“But hardware wallets are more secure…”

Here are some points you might still consider along with that premise:

Flexibility: You can do far more with a Frankenwallet than with the stake pool or key management tools on a hardware wallet.

We should assume the UI for hardware wallets will be state-of-the art, but some including the author will never be satisfied without a full scale, functional computer screen in the air-gapped environment… which for the Frankenwallet includes the ability to:

  • create and edit secure text documents and spreadsheets
  • access the host machine files through rich-data applications
  • prepare email and other communications (to save on the host, not send!)
  • package your crypto will & testament with the encrypted keys & seed phrases in it

…and more: limited only by your imagination and growing with your workflow needs.

Privacy: Nobody ever needs to know that you have a Frankenwallet.

As the world governments, regulators, tax authorities and criminals increase their efforts to identify cryptocurrency holders, there is a threat of security breach via the purchase or warranty records for the premium hardware wallets, which naturally require owner authentication and support.  Please see and consider: Ledger users threaten legal action after hacker dumps personal data (2020-12-20)

Autonomy: You might trust the company making the “black box” but can you trust the world itself?

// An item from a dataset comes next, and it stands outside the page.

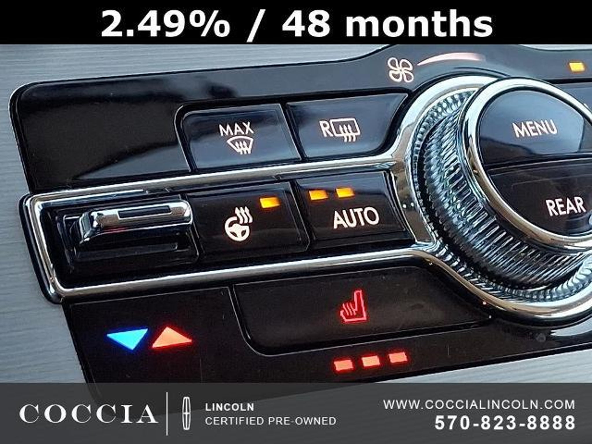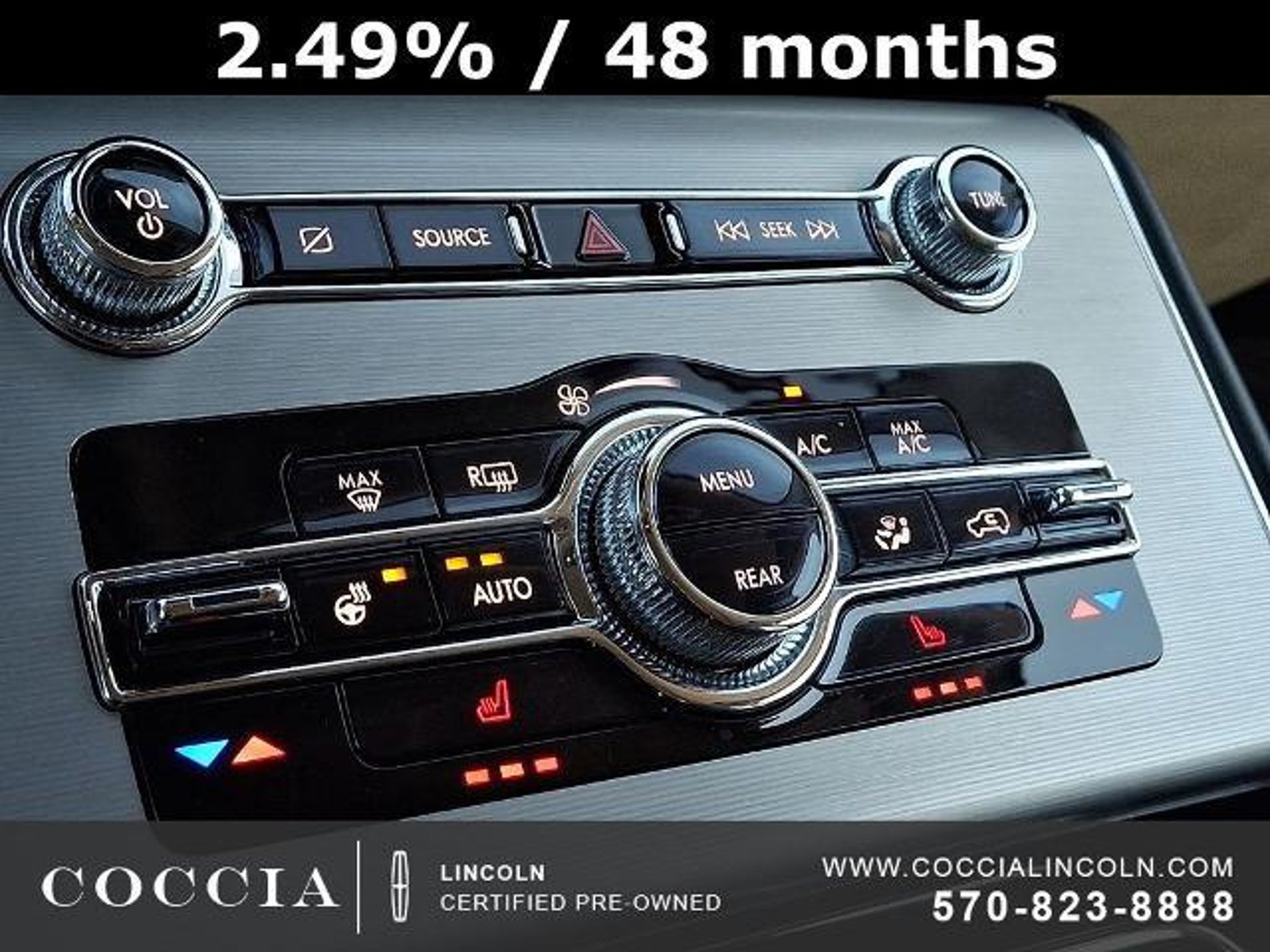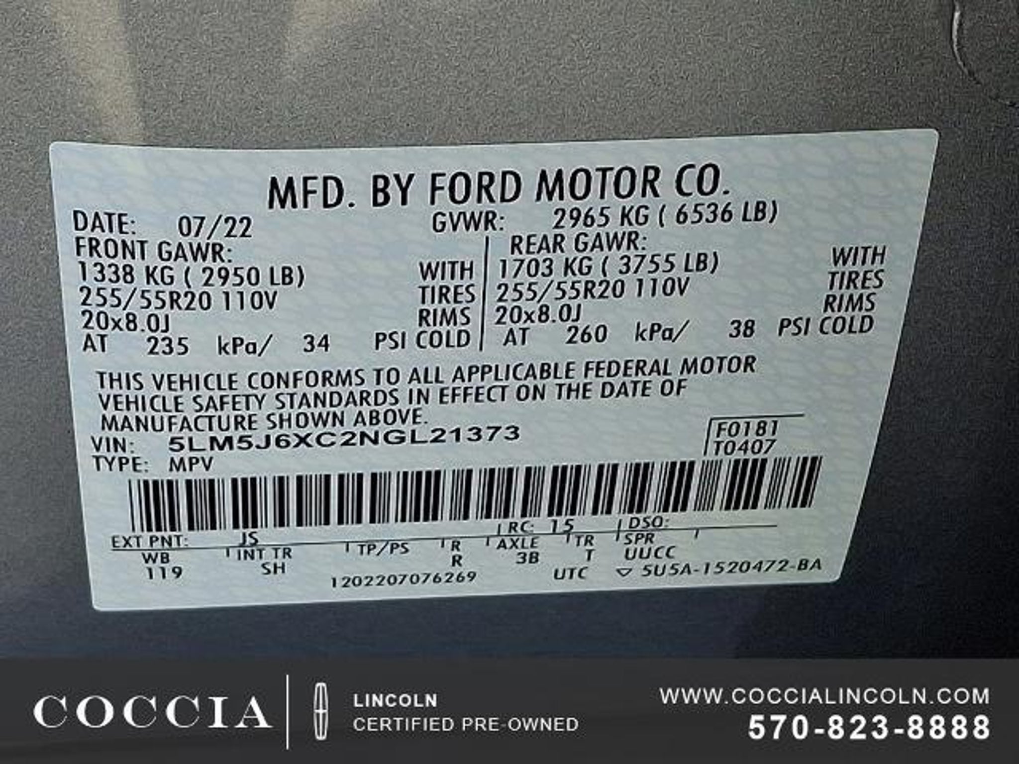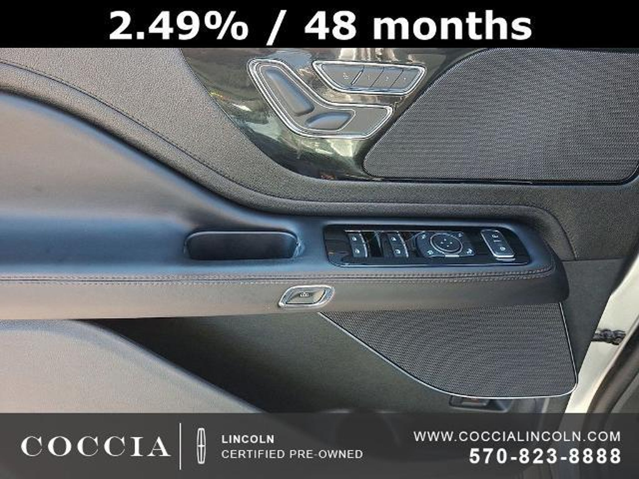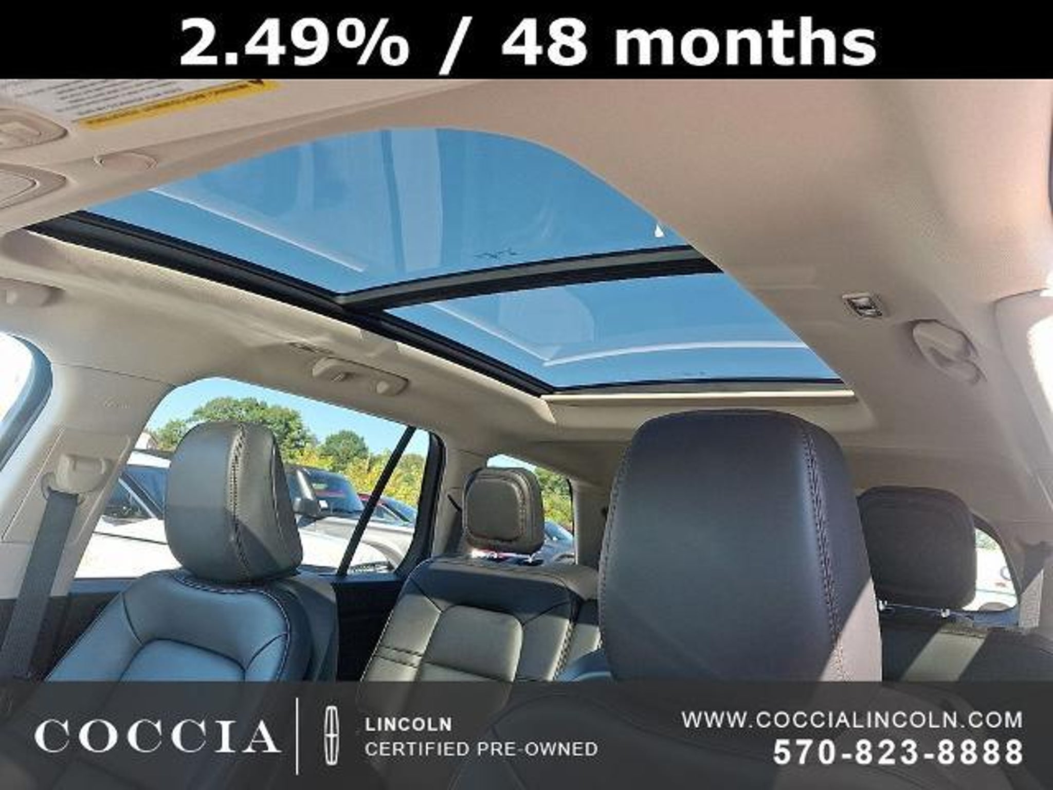 Lincoln Certified Pre-Owned Vehicles include a 6-year/100,000 mile* Powertrain Limited Warranty Coverage, 12-month/12,000- mile Comprehensive Limited Warranty Coverage, 200-Point Vehicle Inspection, Vehicle History Report, and 24/7 Roadside Assistance. COCCIA is Family Owned, Customer Driven. Certified. 4D Sport Utility AWD 3.0L V6 10-Speed Automatic 17/24 City/Highway MPG One Owner, Clean Vehicle History Report, Buy at Coccia and receive complimentary inspections for the life of your vehicle, Complimentary car wash with every service visit, Convenient Saturday service department hours available, Family owned and operated for over 35 years!, 10 Speakers, 2nd Row 40/Mini Console/40 Dual Captain's Chairs, 3.58 Axle Ratio, 3rd row seats: split-bench, Air Conditioning, Alloy wheels, AM/FM radio: SiriusXM, Audio memory, Auto High-beam Headlights, Auto-dimming door mirrors, Auto-dimming Rear-View mirror, Automatic temperature control, Brake assist, Bumpers: body-color, Compass, Delay-off headlights, Driver door bin, Driver vanity mirror, Electronic Stability Control, Elements Package, Equipment Group 100A, Four wheel independent suspension, Front Bucket Seats, Front Center Armrest, Front dual zone A/C, Front reading lights, Fully automatic headlights, Garage door transmitter, Heated 2nd Row Outboard Seats, Heated door mirrors, Heated front seats, Heated Steering Wheel, Heated VisioBlade Wipers, HVAC memory, Illuminated entry, Lincoln Soft Touch Heated Front Captain's Chairs, Memory seat, Outside temperature display, Overhead console, Panic alarm, Panoramic Vista Roof w/Power Shade, Passenger door bin, Passenger vanity mirror, Power door mirrors, Power driver seat, Power Liftgate, Power passenger seat, Power steering, Power windows, Premium Package, Radio data system, Radio: Lincoln Premium Audio System, Rain sensing wipers, Rear air conditioning, Rear reading lights, Rear window defroster, Rear window wiper, Remote keyless entry, Security system, SiriusXM Radio, Speed control, Speed-Sensitive Wipers, Split folding rear seat, Spoiler, Steering wheel mounted A/C controls, Steering wheel mounted audio controls, SYNC 3 Communication & Entertainment System, Tachometer, Telescoping steering wheel, Tilt steering wheel, Traction control, Trip computer, Turn signal indicator mirrors, Variably intermittent wipers, Voice-Activated Touchscreen Navigation System, Wheels: 19 Bright-Machined Aluminum, Wheels: 20 Bright-Machined Aluminum. COCCIA is Family Owned, Customer Driven.

Security conscious people will know that neither closed nor open platforms are perfect.  Yet there is a long standing argument supporting open source tools: that code visible to the public will quickly weed out any additions that provide “back doors” through all but unanticipated and accidental exploits.  Hardware wallet users should ask themselves if they can have that same level of trust in a device manufactured in secret: especially in this modern era when covert surveillance through electronic devices, often government-mandated, has become the rule rather than the exception.